Novelist and playwright Belinda McKeon is another author whose work is included in the data set. She is also the co-ordinator of the Creative Writing MA at Maynooth University.
“It’s probably the tip of the iceberg, the data-scraping that we do know about,” she says. “I think it’s probably wisest to assume that this is going on in the background all the time, and anything you write and put into some sort of public forum is vulnerable to theft in some way. To take a stronger line on it, it is theft.
“The reason I would feel strongly about that aspect of it is that these tech companies are massive, run by right-wing plutocrats – they’ve gutted the independent arts scenes, made it really impossible to be an independent artist, to live as an independent artist in many cities, so there is something just sort of predictably vile about novels being stolen essentially to train a system that we don’t really know yet the extent to which it could wreak havoc on the planet and the world.”
Does she see it as a threat to human creativity?

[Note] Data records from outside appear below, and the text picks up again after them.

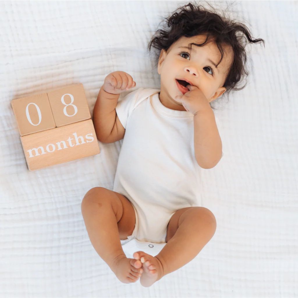 Το σετ περιλαμβάνει αριθμημένα κυβάκια και βάση με “week/weeks” και “month/months”, ώστε να μπορείς εύκολα να δείξεις την ανάπτυξη του μωρού ή την πρόοδο της εγκυμοσύνης σου με έναν καθαρό και κομψό τρόπο.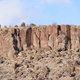 climb through the choss layer to a double crack in the soft dihedral, slung a tree to anchor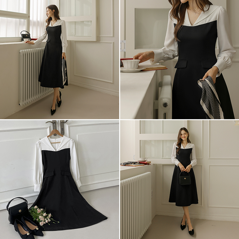 [뮤즈린] 홀릭 배색 플레어 롱 원피스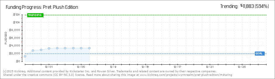 Help your backers reach your daily goals and help others see how you're doing. It's easy, with Kicktraq Mini.Here are a few quick snippits of code you can use to embed your personalized widget on your website, in your blog, and even on your favorite forum.
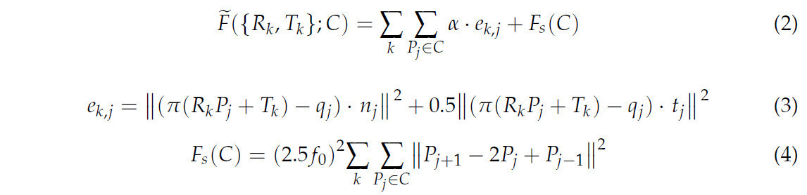 где α = 0, если точка P_j была самоокклюдирована, в противном случае α = 1. e_(k,j) представлял собой ошибку расстояния, n_j представлял собой направление нормали в точке P_j, t_j представлял собой направление касательной в точке P_j. F_s(C) представлял собой член регуляризации, а f_0 представляла собой фокусное расстояние камеры.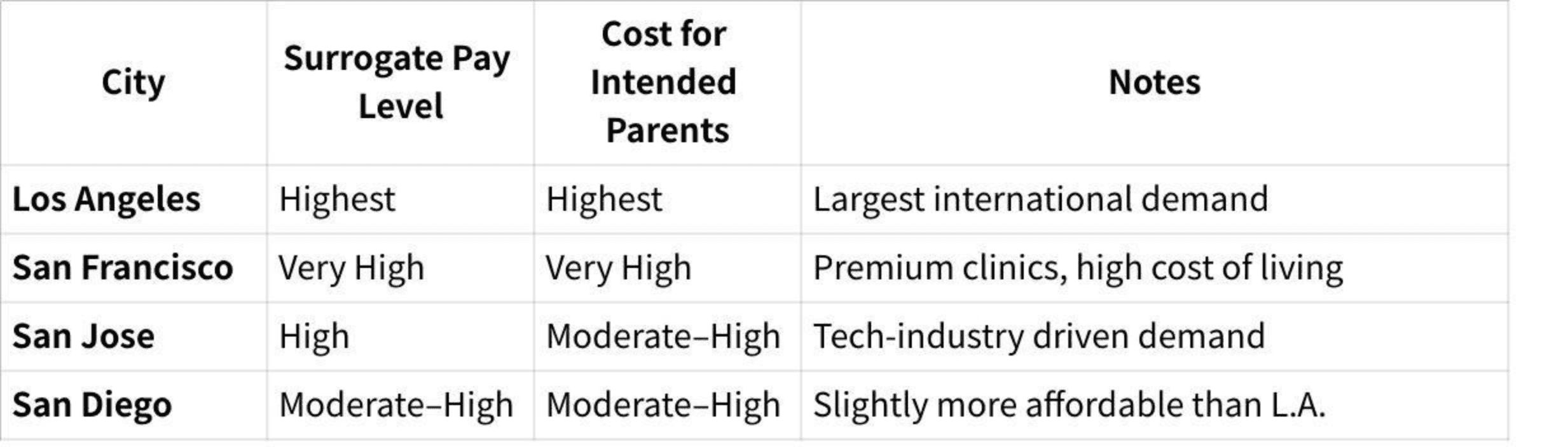 San Diego is another surrogacy hub with slightly different cost dynamics.

“Doing research for creative writing is not about getting the right answer, it’s all the little unexpected things that you stumble upon along the way. It’s the serendipity of the unexpected detail. Finding ways to think and see things completely differently but ways that were available to you all along. I don’t think artificial intelligence can ever come close to that.”
At the moment AI-generated text is still usually relatively easy to spot. As an educator McKeon says “it’s instantly recognisable for what it is, which is this sort of smooth-brained politeness”. But as AI learns from the work of some of the best writers in the world and becomes more sophisticated in its ability to mimic human creativity, will it always be so easy to tell?

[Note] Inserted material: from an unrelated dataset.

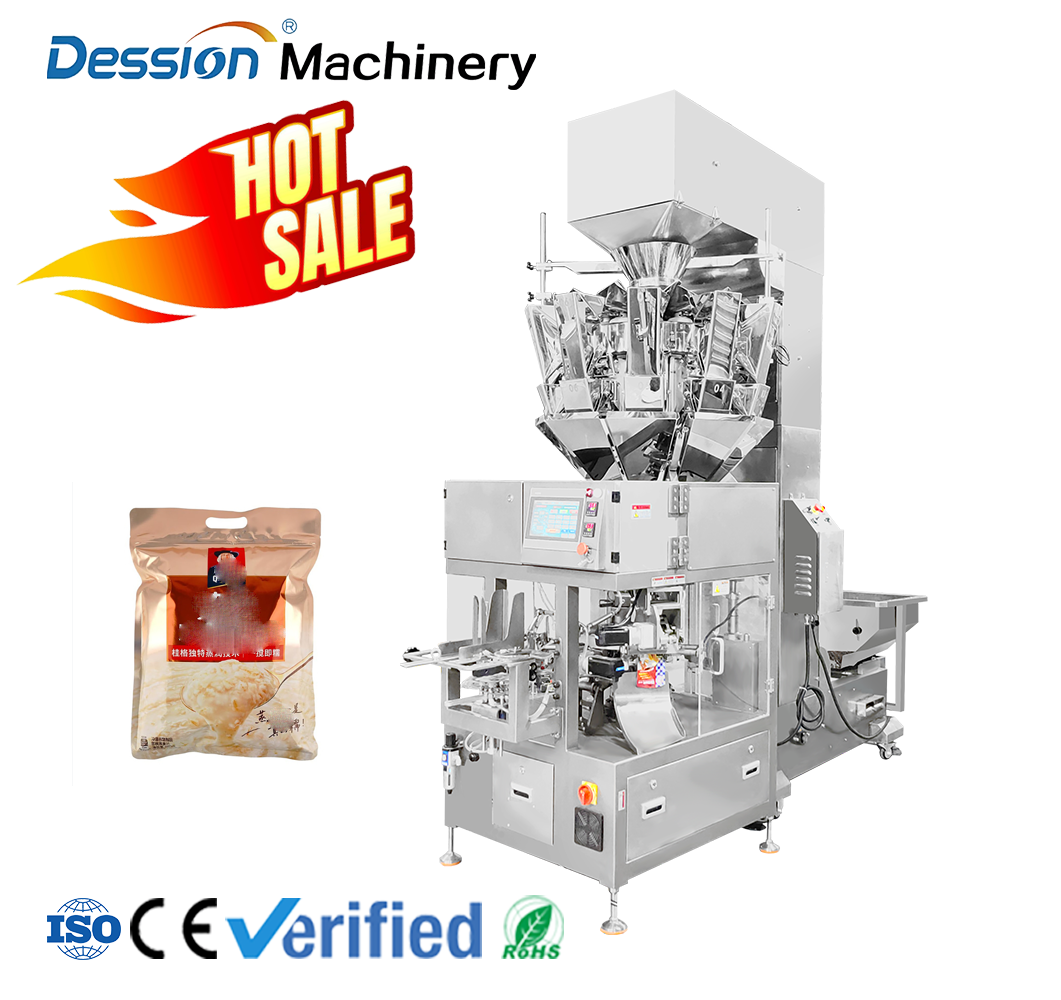The rotary pre-made bag packaging machine is a highly automated and efficient packaging equipment designed for pre-made bags. It is widely used in various industries such as food, daily chemicals, pharmaceuticals, and chemicals, and is suitable for packaging products of all types, including granules, powders, liquids, pastes, and blocks.

“One day with nothing to do I did ChatGPT,” Colm Tóibín says. “I put in something like, ‘write the first page of a novel by me’. I did it to see how ridiculous it would be, but it wasn’t. I mean it wasn’t perfect and it wasn’t right in some way, there was something funny about it, but there were interesting images in it that I have never used and maybe I wouldn’t use but it didn’t seem wrong and I was surprised by it.’
Author Paul Murray’s is currently shortlisted for the Booker Prize with his novel The Bee Sting, and his debut novel Skippy Dies was found in the data set. He is unambiguous in his conviction that AI is a disaster for creativity and creative industries.
“One thing we need to be clear about is that ‘artificial intelligence’ is a misnomer,’ he said. “Even words like ‘trained’ and ‘learned’ are misleading. There’s no consciousness at work here. Large language models are just reproducing patterns. So it’s very hard, on the one hand, to imagine ChatGPT producing a novel that was anything more than a series of cliches, and, on the other, to imagine anyone wanting to read a book or look at a piece of art produced by a machine that didn’t even know what it was doing.
“But this is just getting started. My fear would be that in the long term AI will do for art what Facebook did for friendship – that the world will be so flooded with fakes that we stop being able to tell what real art even looks like, we forget what the meaning of the original concept even was. We won’t even look to literature as a means of self-expression or for consolation or as a way of making sense of or celebrating or mourning the crazy flux of reality. It’ll just be another app on our phone, producing a few seconds of distraction.”